Use Case:
Dowload hundred of thousands of xmls files (size from bytes to 50 mb/file) structured like this /year-month/year-month-day/hours/files with ftplib. So i loop through each hour folder for a given day and for each one i store all the filenames with ftp.nlst(), then i loop through each filename and i donwload the concerned file like this.
with open(local_file, 'wb') as fhandle:
try:
ftp.retrbinary('RETR ' + filename, fhandle.write)
except EOFError:
try:
fhandle.close()
os.remove(local_file)
ftp = ftplib.FTP()
ftp.connect(self.remote_host,self.port, timeout=60)
ftp.login(self.username, self.passwd, acct="")
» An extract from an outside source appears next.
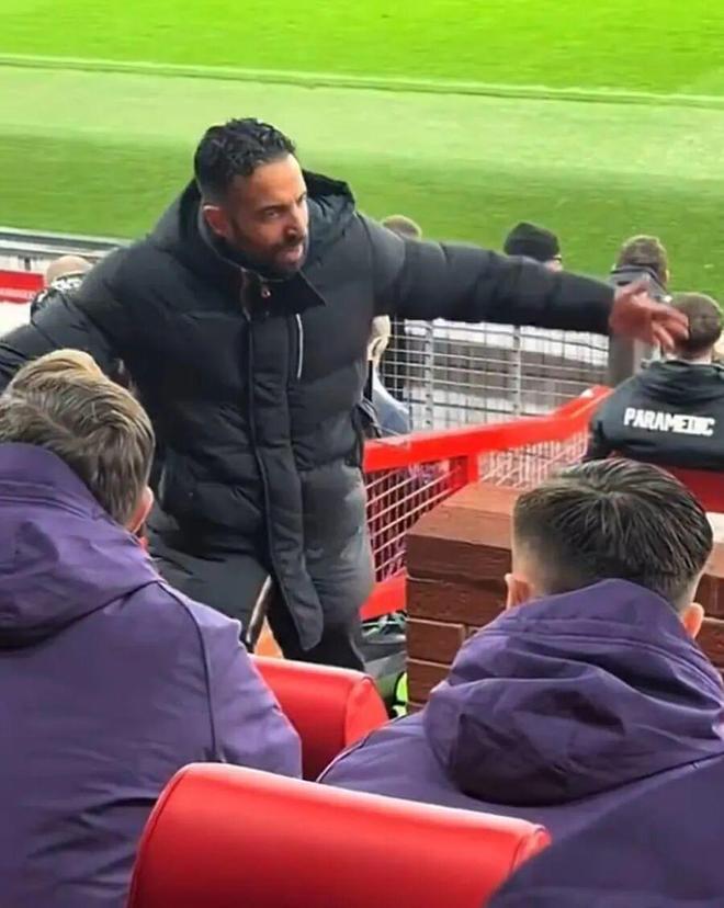 数据显示,这是阿莫林自执教曼联以来在英超联赛中使用的第23条不同的后防线。但后卫经常反应迟缓,导致卡塞米罗和B费在中场出现了巨大的空当。红魔主帅尤其对法国中卫约罗的防守很不满意。 段视频拍摄到阿莫林爬上老特拉福德教练席的楼梯,摊开双臂向助教抱怨约罗的画面。他用葡萄牙语怒斥:「球已经滚动半小时了,莱尼(约罗)在干嘛?」 没有标识可以确定这段视频拍摄于比赛中的哪一阶段,但很可能是曼联2-2被对方扳平之际,当时约罗站位错误,对方反越位破门。约罗最终在70分钟之前被替换下场,利桑德罗·马丁内斯登场。当时曼联以2-3落后,阿莫林甚至将阵型换成了442,下半场的一些时候还打起了424! 在约罗被换下之前,曼联后腰卡塞米罗率先被阿莫林替换掉,33岁的巴西国脚非常生气,以至于把外套都穿反了。「胖虎」上半场补时阶段头球破门,为红魔再次取得领先,可惜下半场他犯规染黄,而且对方把握这次任意球破门,把比分反超为3-2。

ftp.cwd(self.input_folder + '/' + subdir)
try:
with open(local_file, 'wb') as fhandle:
ftp.retrbinary('RETR ' + filename, fhandle.write, 8192)
except:
self.log.error('i give up !!!')
Expected:
For each day given as input folder, download all the concerned xml files
what i get:
EOFError
What i already tried:
- I have gone though all possible posts about the subject on stackoverflow and the net in general.
- i have tried to close and open a ne connection for each subfolder in the hour folder.
- It doesn't seem to be one specific file that is causing the problem. It is definitely not the first one. i get this
EOFError
while downloading files withftp.retrbinary()
. It is related to the fact that i download hundred of thousands of xmls files, because i have tested the script with 2000 files and i didn't got any exceptions but with around 287000 files i get it always. And what i don't understand is that the script downloads each time the same amount/number of xml files, around 159 000 and it is always I have tried to play with the buffersize in
ftp.retrbinary('RETR ' + filename, fhandle.write,4096)
Question:
it may be that i have missed something? How to handle this EOFError to continue downloading all my files...and without loosing my sanity.
Finally i found a solution for my problem. Instead of opening a connection for each sub-folder, i now open a connection for each file to be downloaded. It is less performant, but i get to pass this
EOFError
. I also found out that the FTP server which i want to download files from have restrictions for example on the number of parallel connections or how long a connection may last.